De mon point de vue : 

 

Les professionnels exerçant en grosse structure se sentent déjà acculés par leurs conditions de travail alors que les petites structures sont encore préservées. On entend beaucoup parler des VEO (Violences éducatives ordinaires) en ce moment. Malheureusement, on entend beaucoup moins parler des Violences Institutionnelles, qui sont pourtant  déjà dans le quotidien de nombreux enfants. Stress acoustique, manque de disponibilité de la part des professionnels, repas tardifs et rapide, groupe d’enfants élevés (vous pouvez y mettre autant de professionnels que vous voulez un groupe de 25 enfants en bas âge, C’EST TROP !), durée de sieste obligatoire,…

 
Pour le côté médiatique, je rejoins l’avis de mes collègues.
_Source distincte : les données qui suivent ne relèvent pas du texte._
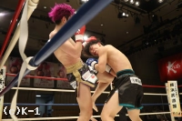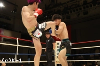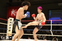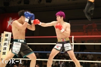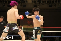 1R、サウスポーの増井は左ミドル、左ローから左ストレートを放っていく。提髪は蹴りを意に介さず右ストレート、左フックを返す。増井の蹴りがローブローとなってしまいインターバルが取られるが、再開すると提髪は頭を振りながらパンチを振るっていく。圧力を掛け増井をロープ際に下げさせると左フックで動きを止め、左フックを打ち込んで増井をKOした。
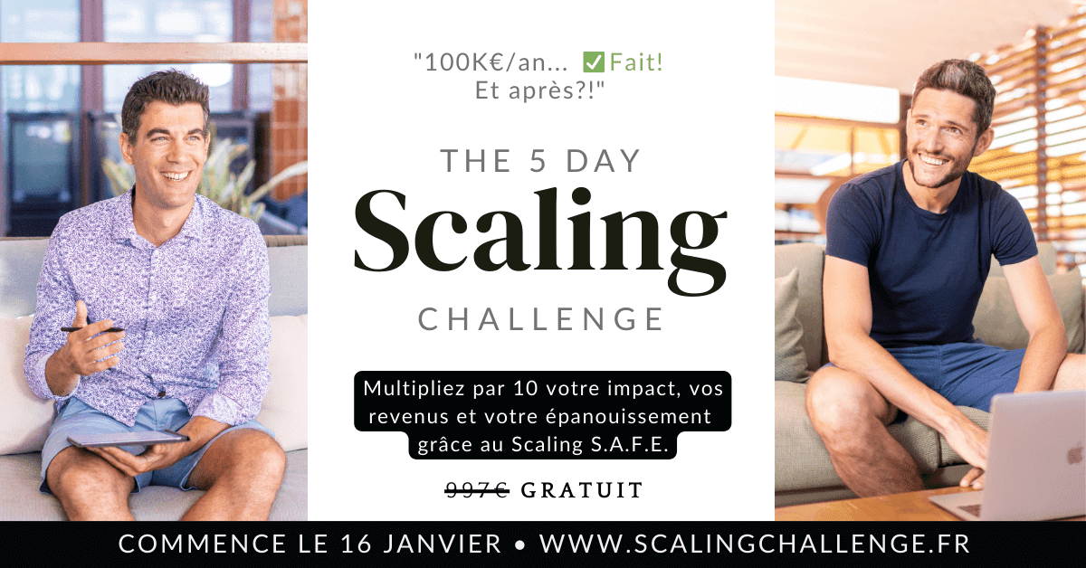 A partir du lundi 16 janvier, et totalement gratuitement, nous allons vous aider à créer votre "Plan de Scaling S.A.F.E." afin d'aller bien au delà des 6 chiffres sans forcer et sans allonger vos journées de travail.

Notre profession n’est absolument pas prise en considération : suite à cette grève, j’ai cherché des articles « compte rendu » sur le DNA et le 20 min Strasbourg (2 journaux que je suis régulièrement) Absolument rien. 

Sur le DNA j’ai quand même trouvé un article qui expliquait la grève le jour J, et pour le 20min les seuls résultats de recherche que j’ai obtenu, c’est une dizaine d’articles sur les grèves SNCF. Pire encore, même sur le site officiel de la CGT (eux qui nous ont fait un beau et long discours sur place avec de jolis drapeaux) je n’ai pas trouvé une seule ligne sur ce mouvement alors que retraite et Macron en prennent pour leur grade. Heureusement que les fondateurs du mouvement, Pas de bébé à la Consignes, nous ont fait un jolis communiqué.

 

 

En Bref !

Merci à toutes les personnes qui sont venues protester le 23 mai et à toutes les personnes qui ont soutenu le mouvement. Un grand merci à Daphné, Morgane, Céline et Laura pour leurs témoignages (j’ai dû couper au montage, mais j’espère avoir été fidèle à vos pensées.) 
Le combat continu et n’oublions pas que nous nous battons pour nos conditions de travail, mais aussi et surtout pour les conditions de vie de vos enfants !

Prochain Round le 4 Juin à l’assemblée générale sur Paris ! En attendant vous pouvez signer la pétition “Ensemble pour un printemps des modes d’accueills” Ou encore, si vous êtes professionel, témoigner  de vos conditions de travail.